# Issue with clear coat dissolving paint



## cynferdd (Dec 7, 2019)

Hello,

On my current project, I etched the enclosure, painted it and sanded it.

I was then planning to clear coat it to protect the paint, but when I applied it, the paint kinda dissolved, as if I put water on ink, and I had to remove everything with acetone and paint again.

Here is an album showing the enclosure before the clear coat, the mess, and the current look of the enclosure :



https://imgur.com/a/TNmJ1QL


Is clear coat mandatory ? 
If I apply clear coat again, what should I do to prevent things to go Bad ?

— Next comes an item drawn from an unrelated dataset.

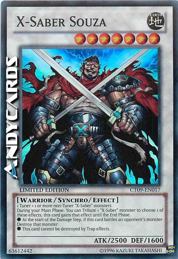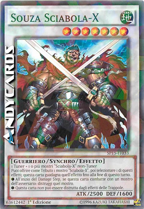 Durante la tua Main Phase: puoi offrire come Tributo 1 mostro "Sciabola-X" per selezionare 1 di questi effetti; questa carta guadagna quell'effetto fino alla End Phase.

The paint and clear coat are from the same brand and they stated that the clear coat is made to go with the paint I chosed.


----------



## mywmyw (Dec 7, 2019)

strange. graphic looks fantastic though. great job dude


----------



## Nostradoomus (Dec 7, 2019)

That is very odd if the company states they work together. Generally you use enamel paint and enamel clear coat and it’s fine. It’s the mixing of acrylic based paints and enamel clear coats and vice versa that this happens.


----------



## music6000 (Dec 7, 2019)

cynferdd said:


> Hello,
> 
> On my current project, I etched the enclosure, painted it and sanded it.
> 
> ...


Look at each Can & see what it says to use for Clean Up.
If one says Mineral Turps & the other says Thinners or they don't say the same thing, You have the Answer.


----------



## Chuck D. Bones (Dec 7, 2019)

Can you tell us which paint & clear coat you used and how long you cured the paint prior to clear-coating?


----------



## vigilante398 (Dec 10, 2019)

I've had that happen with an older can of clear-coat. I don't know what happened to it chemically over time, but I bought a new can and it worked fine.


----------